D-Man wrote:

> On Wed, May 23, 2001 at 10:22:10AM -0400, Peter S Galbraith wrote:
> | 
> | As a longtime LILO user, I'm a bit perplexed faced with the large
> | amount of docs concerning grub.  When I compiled a new kernel and
> 
> You found a large amount of docs?  Lucky you ;-).  I didn't think
> there was a whole lot of documentation (yet).

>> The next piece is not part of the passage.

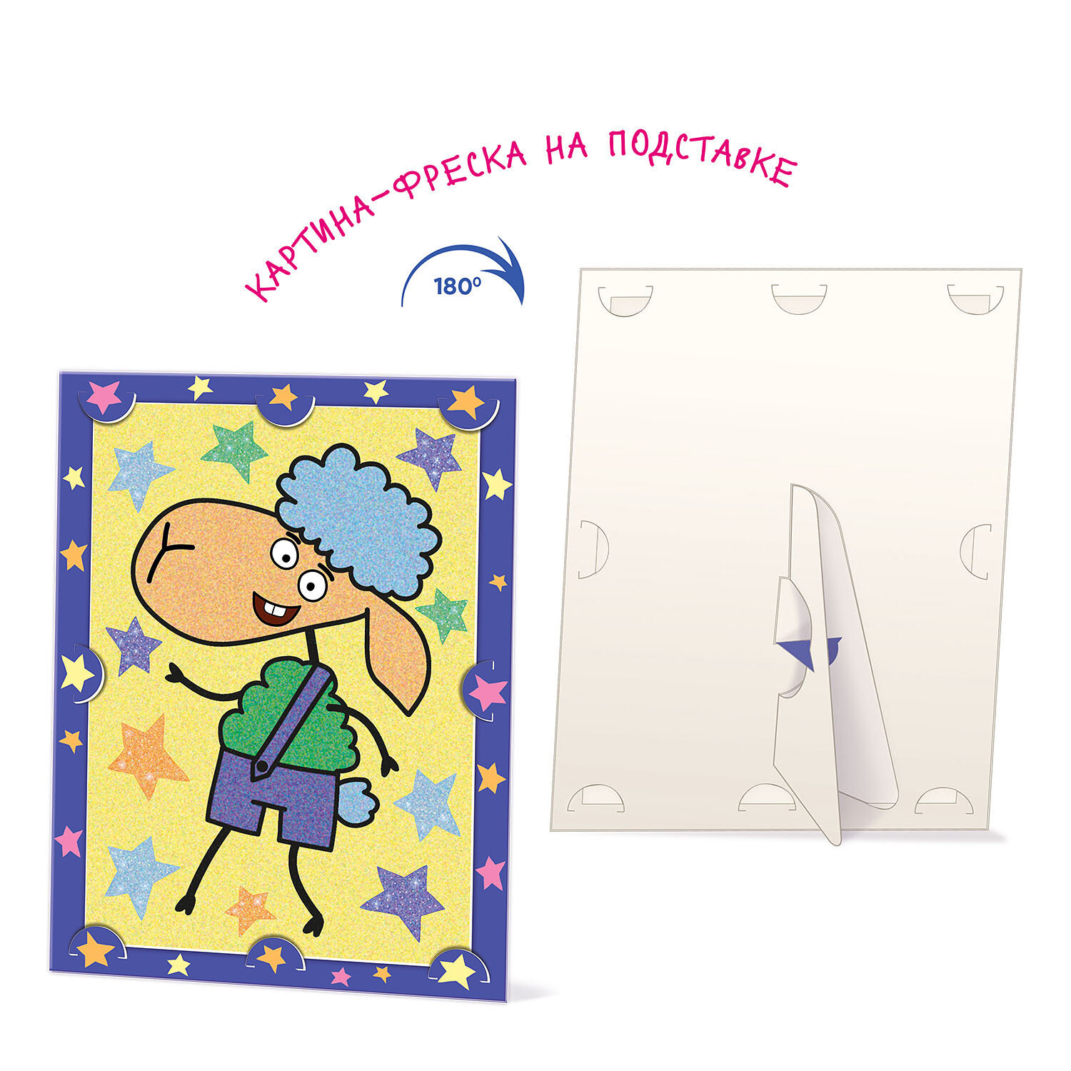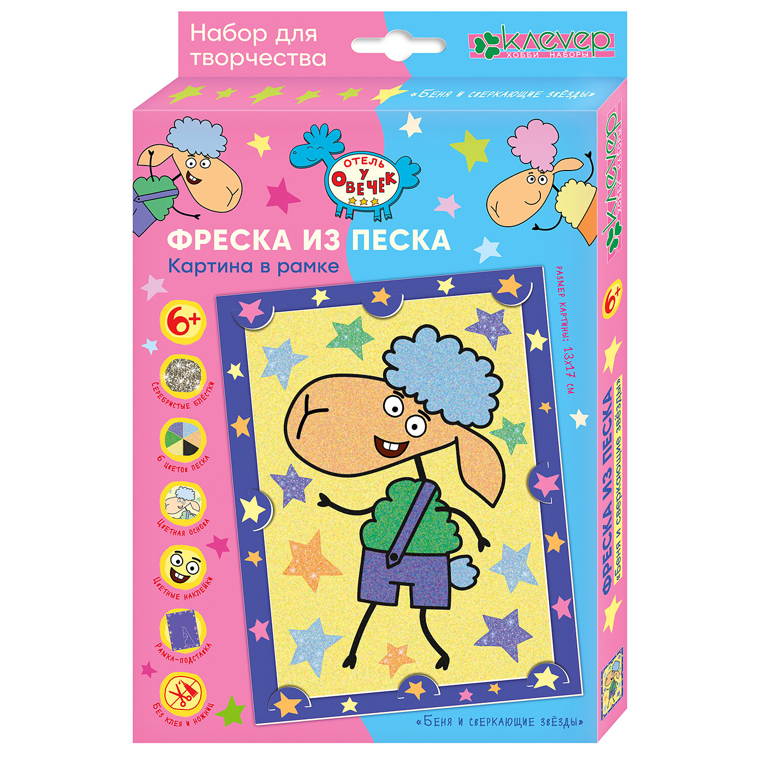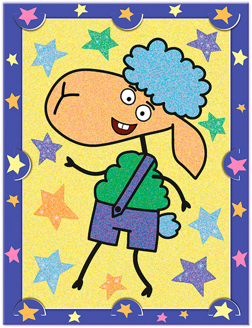 Рисование песком - популярный вид творчества у детей старше 6 лет. Создавая песочную картину с барашком Беней и звёздами из мультфильма "Отель у овечек", ребёнок почувствует себя настоящим художником. Добавление блёсток в песок для "раскрашивания" звёзд и размещение фрески в рамке-подставке придают песочной картине законченный вид. Творчество с песком помогает развивать воображение ребёнка, внимательность, аккуратность, мелкую моторику его пальчиков, через моторику - речь, память и координацию. Занятие с песком гармонизирует эмоции ребёнка и раскрывает широту творческого восприятия мира. Картина из песка выглядит очень декоративно!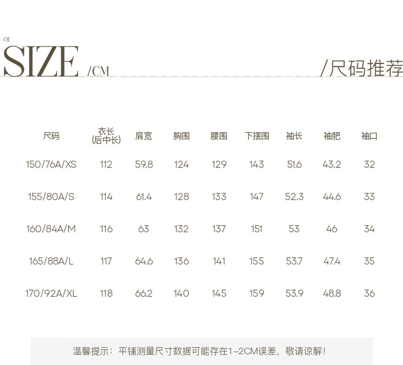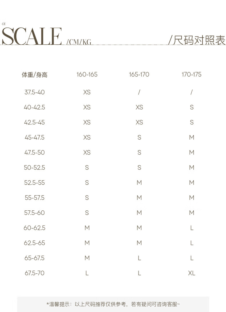 China (cm) 160-165/84-86 165-170 / 88-90 167-172 / 92-96 168-173 / 98-102 170-176 / 106-110

Well, there's a lot of stuff to decipher.  There should be a
top-level section called: "So your distribution installed grub
during installation and you want to know how to modify it?"

:-)
 
> | wanted LILO to know about it, I'd edit /etc/lilo.conf and run
> | lilo again to update the boot sector.
> | 
> | Since grub knows about filesystems, do I need to do a similar
> | update step?  Or do I simply edit /boot/grub/menu.lst and reboot?
> | 
> | I thought I'd ask before possibly rendering my system unbootable
> | and resorting to a rescue disk.
> 
> Here you get to experience the beauty of grub.  All you need to do is
> edit /boot/grub/menu.lst.  When you reboot you will see the new entry
> in the menu.

Thanks.

> Now suppose you either (a) forgot to update the menu.lst file or (b)
> made a mistake when you updated it.  When you reboot simply enter the
> command line mode of grub and enter in the correct boot sequence
> commands.  You will then be able to boot and fix the menu.lst file.
> Alternatively you can enter the "edit entry" mode and interactively
> edit the entry and then run it.  This doesn't save your modifications
> in the menu.lst file, but it allows you to boot your system regardless
> of host the menu.lst was set up prior to boot.

I'll have to experiemnt with this.  Sounds pretty useful.